Insights into the Biosynthesis and Assembly of Cryptophycean Phycobiliproteins

Phycobiliproteins are employed by cyanobacteria, red algae, glaucophytes, and cryptophytes for light-harvesting and consist of apoproteins covalently associated with open-chain tetrapyrrole chromophores. Although the majority of organisms assemble the individual phycobiliproteins into larger aggregates called phycobilisomes, members of the cryptophytes use a single type of phycobiliprotein that is localized in the thylakoid lumen.
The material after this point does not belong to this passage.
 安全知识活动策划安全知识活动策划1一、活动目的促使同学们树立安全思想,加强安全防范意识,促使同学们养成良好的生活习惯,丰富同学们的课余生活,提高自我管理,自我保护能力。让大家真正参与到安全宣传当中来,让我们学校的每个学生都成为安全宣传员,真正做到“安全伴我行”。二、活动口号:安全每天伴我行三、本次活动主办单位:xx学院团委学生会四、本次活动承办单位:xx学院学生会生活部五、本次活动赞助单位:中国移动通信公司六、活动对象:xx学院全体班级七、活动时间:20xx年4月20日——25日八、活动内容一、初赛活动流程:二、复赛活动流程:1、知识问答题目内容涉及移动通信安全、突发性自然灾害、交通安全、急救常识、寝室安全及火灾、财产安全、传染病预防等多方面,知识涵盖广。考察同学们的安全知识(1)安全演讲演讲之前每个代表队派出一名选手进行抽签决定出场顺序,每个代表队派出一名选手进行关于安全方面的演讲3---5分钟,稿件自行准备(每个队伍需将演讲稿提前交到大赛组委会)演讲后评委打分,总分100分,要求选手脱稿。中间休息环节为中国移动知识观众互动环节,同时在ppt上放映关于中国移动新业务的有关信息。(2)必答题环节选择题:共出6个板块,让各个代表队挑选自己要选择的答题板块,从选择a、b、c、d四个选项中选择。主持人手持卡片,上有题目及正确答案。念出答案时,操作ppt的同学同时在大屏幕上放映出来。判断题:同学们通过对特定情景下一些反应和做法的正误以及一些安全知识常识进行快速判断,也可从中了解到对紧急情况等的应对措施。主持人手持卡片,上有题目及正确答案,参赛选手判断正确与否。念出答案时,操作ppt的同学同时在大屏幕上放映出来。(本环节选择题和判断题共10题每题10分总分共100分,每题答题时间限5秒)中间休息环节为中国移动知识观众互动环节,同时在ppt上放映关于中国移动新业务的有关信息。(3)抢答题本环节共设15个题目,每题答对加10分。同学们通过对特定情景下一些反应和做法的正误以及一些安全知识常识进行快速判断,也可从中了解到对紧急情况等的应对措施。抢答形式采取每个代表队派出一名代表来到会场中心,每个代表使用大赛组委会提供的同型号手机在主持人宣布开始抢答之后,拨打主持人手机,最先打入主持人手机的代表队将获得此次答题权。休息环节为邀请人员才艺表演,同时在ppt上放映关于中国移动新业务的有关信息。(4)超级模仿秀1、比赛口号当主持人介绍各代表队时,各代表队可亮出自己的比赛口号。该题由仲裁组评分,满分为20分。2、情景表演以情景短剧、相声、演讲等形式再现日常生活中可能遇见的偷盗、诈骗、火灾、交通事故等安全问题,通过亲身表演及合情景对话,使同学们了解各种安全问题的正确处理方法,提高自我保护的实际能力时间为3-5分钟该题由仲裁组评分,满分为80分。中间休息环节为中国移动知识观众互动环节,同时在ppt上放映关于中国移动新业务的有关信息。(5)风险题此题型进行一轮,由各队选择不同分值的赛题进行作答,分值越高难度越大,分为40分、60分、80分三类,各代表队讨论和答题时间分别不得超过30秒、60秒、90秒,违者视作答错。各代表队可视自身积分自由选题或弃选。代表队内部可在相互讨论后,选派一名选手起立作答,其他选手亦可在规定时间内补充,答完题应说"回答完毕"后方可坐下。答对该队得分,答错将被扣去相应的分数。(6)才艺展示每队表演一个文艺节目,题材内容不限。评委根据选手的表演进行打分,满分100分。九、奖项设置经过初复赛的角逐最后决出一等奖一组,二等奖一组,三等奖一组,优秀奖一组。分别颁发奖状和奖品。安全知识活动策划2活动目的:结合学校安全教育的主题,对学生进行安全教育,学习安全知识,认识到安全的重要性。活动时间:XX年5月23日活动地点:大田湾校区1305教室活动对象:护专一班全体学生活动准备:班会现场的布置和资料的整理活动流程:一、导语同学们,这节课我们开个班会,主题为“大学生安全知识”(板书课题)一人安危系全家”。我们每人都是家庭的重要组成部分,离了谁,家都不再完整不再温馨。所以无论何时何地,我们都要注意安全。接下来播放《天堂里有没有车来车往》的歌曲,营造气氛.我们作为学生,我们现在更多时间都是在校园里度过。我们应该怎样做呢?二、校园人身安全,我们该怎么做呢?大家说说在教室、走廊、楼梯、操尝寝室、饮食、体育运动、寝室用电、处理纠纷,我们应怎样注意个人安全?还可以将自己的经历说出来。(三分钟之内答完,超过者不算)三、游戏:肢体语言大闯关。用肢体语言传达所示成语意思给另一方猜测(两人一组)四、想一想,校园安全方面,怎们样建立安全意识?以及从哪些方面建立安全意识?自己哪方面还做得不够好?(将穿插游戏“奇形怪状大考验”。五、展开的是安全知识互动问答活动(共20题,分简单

The cryptophyte Guillardia theta (Gt) uses phycoerythrin PE545 utilizing the uncommon chromophore 15,16-dihydrobiliverdin (DHBV) in addition to phycoerythrobilin (PEB). Both the biosynthesis and the attachment of chromophores to the apophycobiliprotein have not yet been investigated for cryptophytes. In this study, we identified and characterized enzymes involved in PEB biosynthesis. In addition, we present the first in-depth biochemical characterization of a eukaryotic phycobiliprotein lyase (GtCPES). Plastid-encoded HO (GtHo) was shown to convert heme into biliverdin IXα providing the substrate with a putative nucleus-encoded DHBV:ferredoxin oxidoreductase (GtPEBA). A PEB:ferredoxin oxidoreductase (GtPEBB) was found to convert DHBV to PEB, which is the substrate for the phycobiliprotein lyase GtCPES. The x-ray structure of GtCPES was solved at 2.0 Å revealing a 10-stranded β-barrel with a modified lipocalin fold. GtCPES is an S-type lyase specific for binding of phycobilins with reduced C15=C16 double bonds (DHBV and PEB). Site-directed mutagenesis identified residues Glu-136 and Arg-146 involved in phycobilin binding. Based on the crystal structure, a model for the interaction of GtCPES with the apophycobiliprotein CpeB is proposed and discussed.